■ **Problem description**
Exactly the lines below from the line with "Dr Sunil Job" through the line with "10Pcs M12x1.5 Black" must make up the answer, both ends included and pictures left out.

■ **Given data**

- Opening Delimiter -

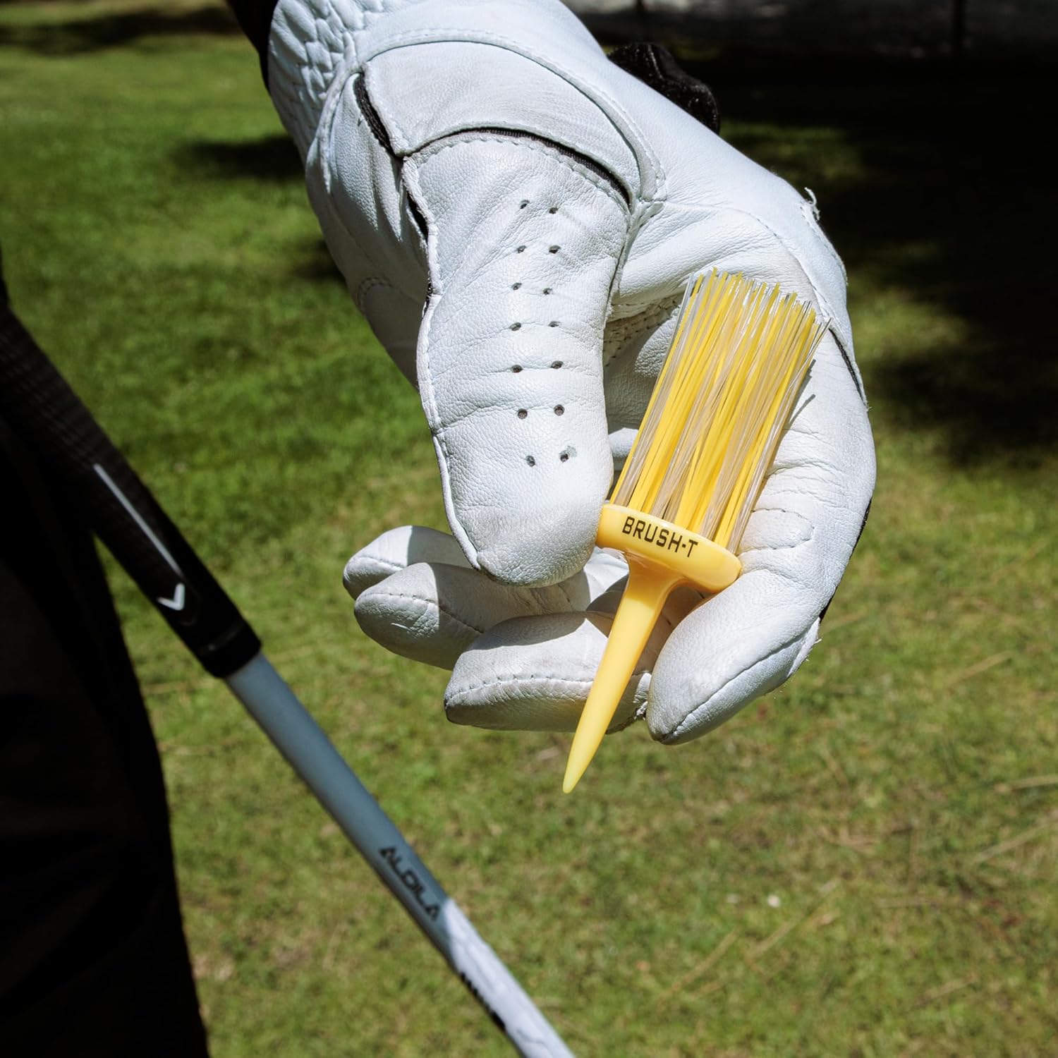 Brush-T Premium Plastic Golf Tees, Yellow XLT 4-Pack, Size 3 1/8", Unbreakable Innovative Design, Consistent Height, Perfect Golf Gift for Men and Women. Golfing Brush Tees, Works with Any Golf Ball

- Closing Delimiter -
- Opening Delimiter -

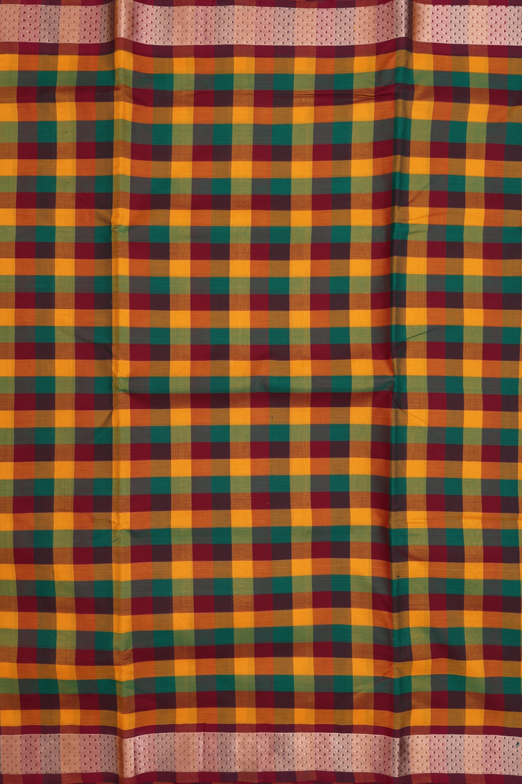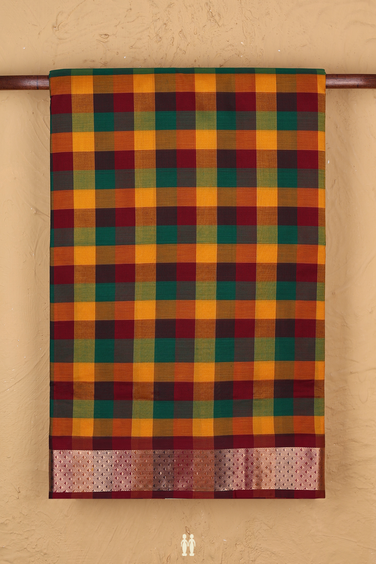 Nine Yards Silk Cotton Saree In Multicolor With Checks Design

- Closing Delimiter -
- Opening Delimiter -

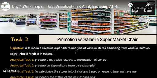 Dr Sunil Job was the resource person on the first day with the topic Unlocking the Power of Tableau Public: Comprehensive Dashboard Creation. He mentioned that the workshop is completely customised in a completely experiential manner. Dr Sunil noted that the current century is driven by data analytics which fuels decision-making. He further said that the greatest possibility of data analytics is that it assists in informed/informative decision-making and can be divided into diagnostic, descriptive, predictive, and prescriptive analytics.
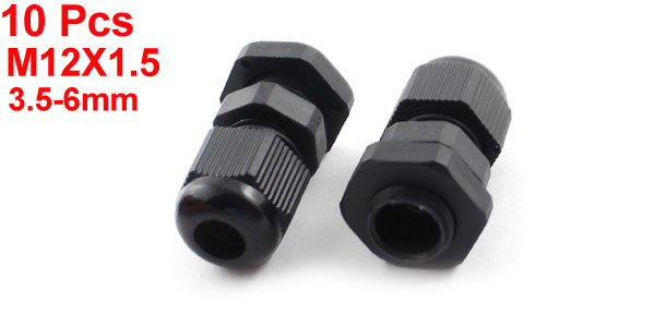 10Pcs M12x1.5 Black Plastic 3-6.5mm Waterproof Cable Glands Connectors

- Closing Delimiter -

■ **Reply to the exercise**
 Dr Sunil Job was the resource person on the first day with the topic Unlocking the Power of Tableau Public: Comprehensive Dashboard Creation. He mentioned that the workshop is completely customised in a completely experiential manner. Dr Sunil noted that the current century is driven by data analytics which fuels decision-making. He further said that the greatest possibility of data analytics is that it assists in informed/informative decision-making and can be divided into diagnostic, descriptive, predictive, and prescriptive analytics.
 10Pcs M12x1.5 Black Plastic 3-6.5mm Waterproof Cable Glands Connectors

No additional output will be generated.